Раненых не было. Солдаты шустро повылезали из ровика, принялись резать хлеб на разостланной плащ-палатке, устраивались над котелками с остывшей перловкой. Петрушин, похоже, уже позавтракал и не обнаруживал интереса к еде. Достав из кармана «бархотку», поставил на станину ногу и стал драить сапог. Потом принялся старательно начищать другой. Из всех сержантов в полку он единственный щеголял в новых хромовых сапогах, о чистоте которых не переставал заботиться. Надраив сапоги и со всех сторон полюбовавшись ими, вдруг вспомнил:
– А где мой трофей?
– Какой трофей? – непонимающе спросил я.
– Велосипед.
– Велосипед комбриг отобрал.
– Да ну? Так и отобрал?
– Спроси у Кононка, расскажет.
Петрушин вопросительно уставился на Кононка, который с таким же молодым Атрощенко ел из котелка на бруствере. Кононок улыбнулся.
– Отобрал.
– Так я и поверил! – засомневался санинструктор. – Спрятали где-то.
Он принялся искать – возле огневой, заглянул в опустевший ровик, за штабель снарядных ящиков, под брезентовый полог.
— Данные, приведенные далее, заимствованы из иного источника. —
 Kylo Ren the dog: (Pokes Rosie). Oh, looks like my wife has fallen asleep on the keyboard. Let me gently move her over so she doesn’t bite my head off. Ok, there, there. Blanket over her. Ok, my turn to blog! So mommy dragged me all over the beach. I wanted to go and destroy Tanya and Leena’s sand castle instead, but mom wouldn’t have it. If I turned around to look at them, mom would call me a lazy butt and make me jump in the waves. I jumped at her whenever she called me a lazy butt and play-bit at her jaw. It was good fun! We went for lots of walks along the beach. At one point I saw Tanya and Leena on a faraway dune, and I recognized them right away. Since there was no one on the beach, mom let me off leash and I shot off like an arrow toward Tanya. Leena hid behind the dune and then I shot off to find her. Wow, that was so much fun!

– Не ищи, не найдешь, – вдруг сказал Медведев. – Комбриг приказал отдать.
– Кому отдать?
– А у кого взял.
«Ну зачем было сообщать об этом», – раздраженно подумал я. Пусть бы искал где хочет. Но Петрушин уже смекнул, что командир орудия не обманывает, и молча перескочил через невысокий бруствер.
– Ты куда?
Невнятно проворчав что-то в ответ, Петрушин скорым шагом направился к коттеджу. Мне это совсем не понравилось, но что было делать. По службе он мне не подчинялся, а жаловаться комбату не имело смысла: комбат с этим сержантом был в особенных отношениях. Санинструктор нередко таскал ему фляги с вином, выручал, когда тот, перебрав, отлеживался в кабине «Студебеккера», на все вопросы отвечая по телефону: комбат болен, диагноз – малярия. У нас и в самом деле болели малярией, только не комбат. У комбата были другие болезни.
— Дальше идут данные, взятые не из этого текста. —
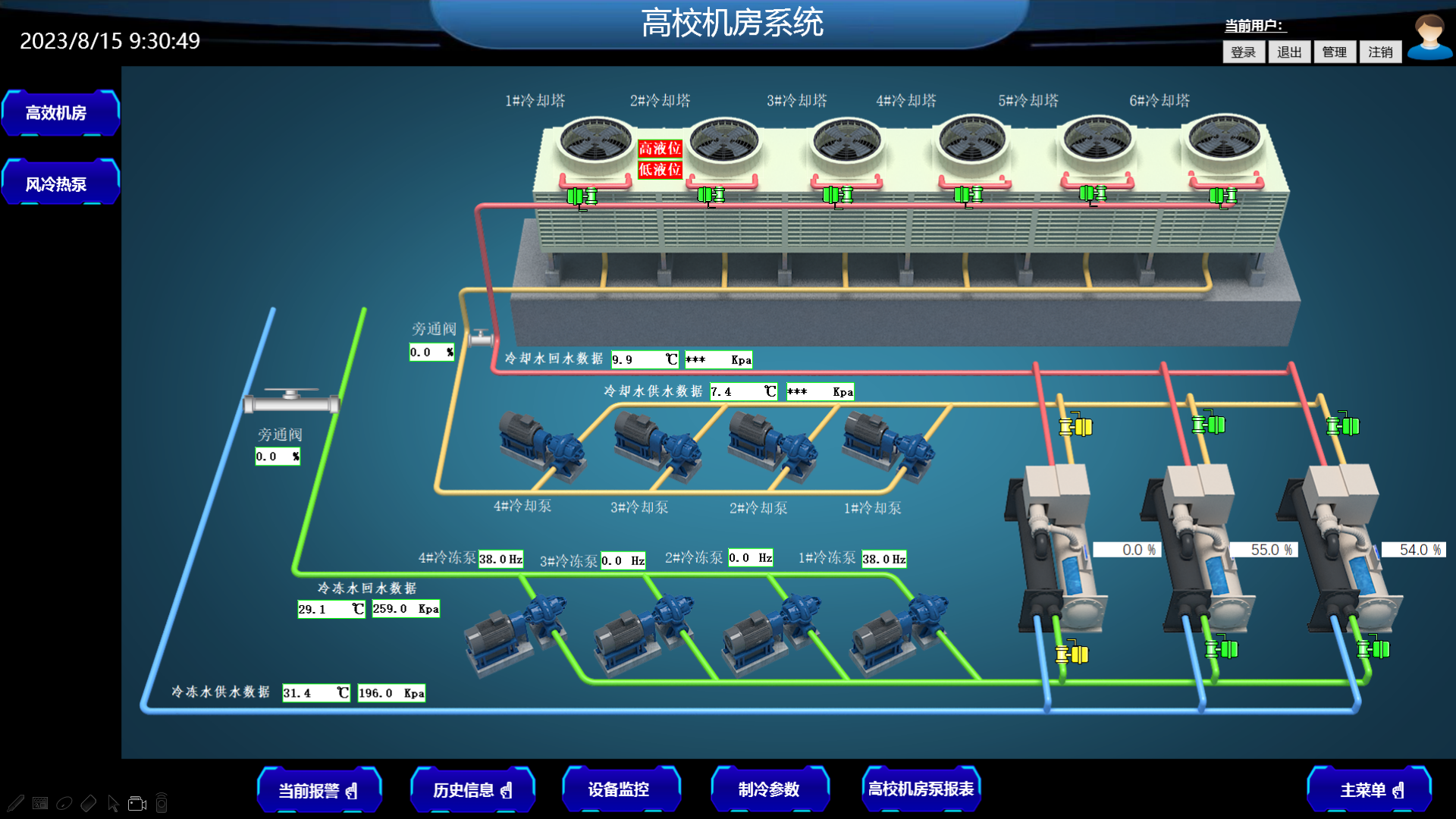 3、實(shí)現(xiàn)動(dòng)力站一鍵啟停功能:在中控室畫面上點(diǎn)擊一鍵啟停按鈕,實(shí)現(xiàn)水閥、水泵、冰機(jī)的連鎖控制,高效控制,達(dá)到節(jié)能的目標(biāo)也降低了企業(yè)管理人員數(shù)量;

Стрельба вроде прекратилась с обеих сторон, закатилось за вершины гор далекое эхо – надолго или нет, неизвестно. Санинструктор перешел мостки, решительно перемахнул через невысокую металлическую калитку и направился к дверям коттеджа. Эта его решимость встревожила меня, словно я уже имел какое-то отношение к этому жилищу. Я выскочил с огневой и, припадая на ушибленную ногу, перешел мостик, перелез через ограду. Из дома никто не показывался, и Петрушин колотил в тяжелые двери.